While Pepe (Lahti) celebrates his birthday with his pals at a remote sawmill, a woman in a mountain-top cabin is forced to sign a document closing the plant in favour of a mine by a dour man who has trudged through the snow. We never see the pair again, but their meeting has a devastating impact on the townsfolk. Best friend Tuomas (Hannu-Pekka Björkman) becomes convinced his wife is having an affair with the local hairdresser and puts an axe in his head, despite discovering that he's actually sleeping with just about every woman in town, including Pepe's spouse, Kaisa (Katja Küttner).
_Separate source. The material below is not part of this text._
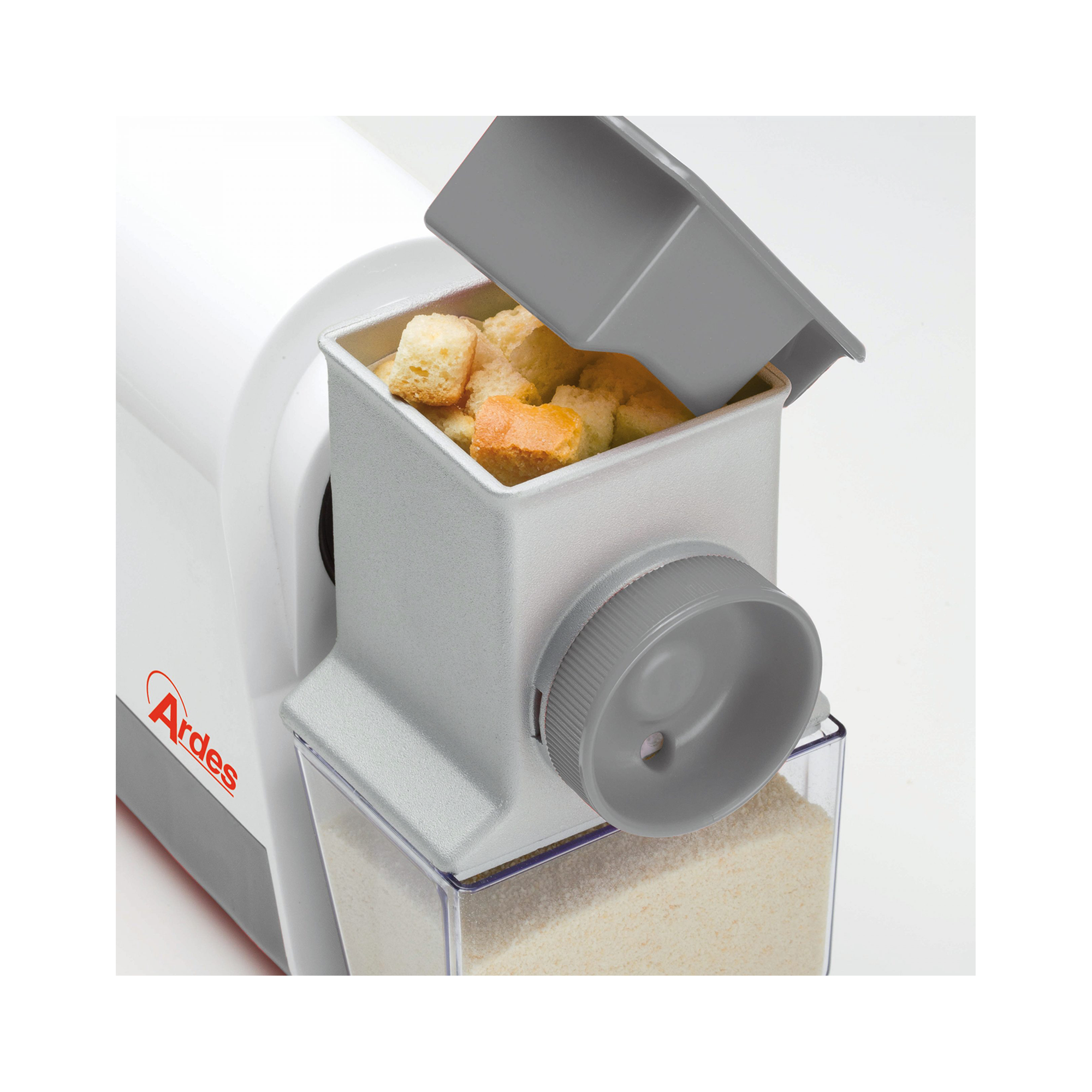 Grattugie elettricaLa grattugia elettrica AR7350 di Ardes è ideale per grattugiare pane, formaggio e noci. È caratterizzata da una scocca in alluminio e plastica, un rullo dentato in acciaio inossidabile removibile per una facile pulizia e un contenitore di raccolta lavabile in lavastoviglie. La potenza di 130 W garantisce un funzionamento efficiente. Inoltre, l'avvolgi cavo rende questa grattugia facile da riporre. Made in Italy, ha un peso di soli 1,3 kg.

When their house burns down, Pepe and son Pikku-Tuomas (Iivo Tuuri), move into the workers' dorm at the mine. As they no longer have time for ice fishing, Pikku-Tuomas devotes his time to a crush on Alissa (Ellen Herler), the new hairdresser. Indeed, he follows her to the hall where singing mystic Jaakko (Marc Gassot) casts such a spell that Pikku-Tuomas moves in with him and starts dwelling on the meaning of existence.
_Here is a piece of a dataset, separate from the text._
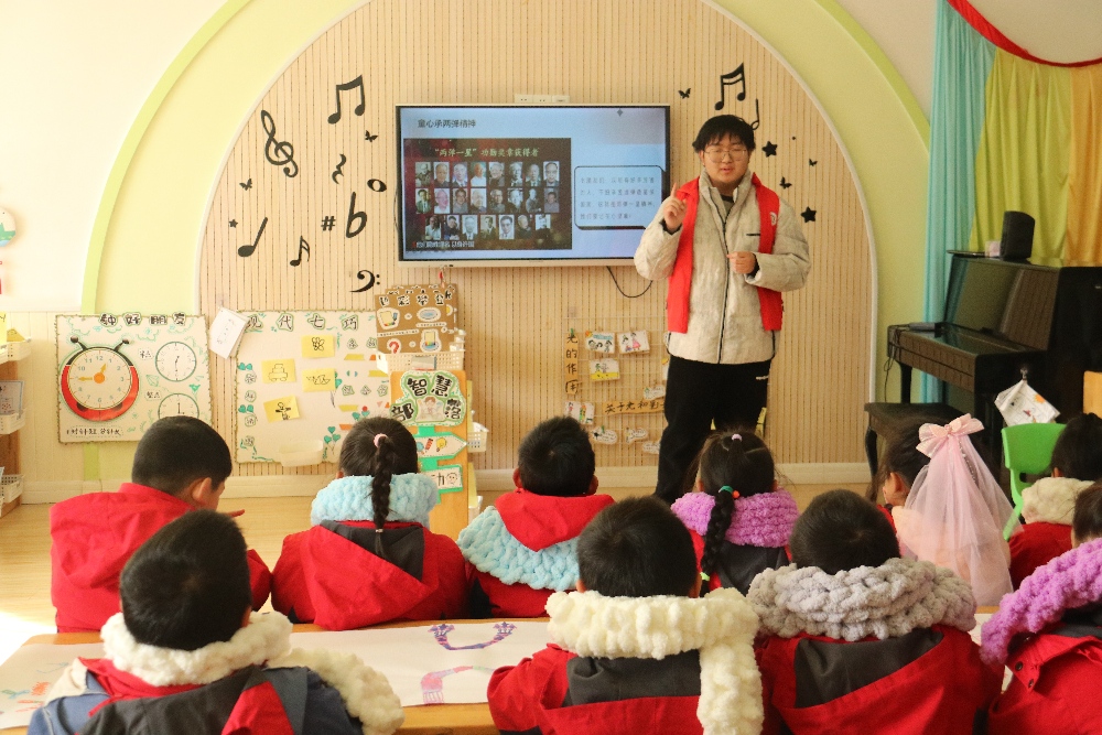 志愿者通過圖片、視頻等資料,介紹“兩彈一星”的發(fā)展背景、關鍵人物和重要成果。以幼兒通俗易懂能理解的方式,向他們講解“熱愛祖國、無私奉獻、艱苦奮斗、團結協作、勇于登攀”的科學家精神。
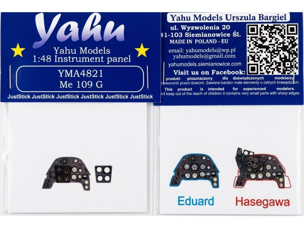 Yahu Model YMA4821 1/48 Me 109G-6 je sada barevných leptaných přístrojových desek určená pro stavebnice Messerschmittu Bf 109G-6 od firmy Eduard v měřítku 1:48. Díly jsou předem natištěny v barvě a připraveny k přímé montáži technologií JustStick — bez nutnosti barvení. Sada je navržena jako přímá náhrada originálních plastových dílů z kitu Eduard.

Until now, Pepe has taken each new setback with good grace, including the death of his mother, Imell (Ulla Tapaninen), after an encounter at the church with a hairy monster. But Pikku-Tuomas's defection proves the last straw and Pepe goads himself into action and challenges Jaakko during one of his well-attended meetings.


It's not easy to detect that a film that has been so remorselessly deadpan has actually ended on a downbeat. But Myllylahti seems to lose his way after Jaakko enters midway through this modern reworking of The Book of Job. Based on a woodcutter hired to chop a tree in Myllylahti's garden, Pepe remains an empathetic everyman who tries to make the best of the worst times. But, as the fates gang up to conspire against him, the occurrence of burning cars, balls of light and talking fish tip the muted unpredictability beyond the conscious evocation of the surrealism of Luis Buñuel and David Lynch.
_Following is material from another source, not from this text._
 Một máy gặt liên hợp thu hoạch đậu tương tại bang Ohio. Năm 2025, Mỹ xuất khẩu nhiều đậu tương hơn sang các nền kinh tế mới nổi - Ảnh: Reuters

Jarkko Lahti's impassive performance remain droll, as does Milja Aho's production design, even as Arsen Sarkisiants's widescreen camerawork and Dane Jonas Struck's score hint at more sombre undercurrents. The influence of Kaurismäki and Roy Andersson are clear, but Myllylahti has also cited Robert Bresson as an inspiration on the shooting style and the pacing of Jussi Rautaniemi's editing. Following on from the admired short, The Tiger (2018), this is destined to become a cult favourite.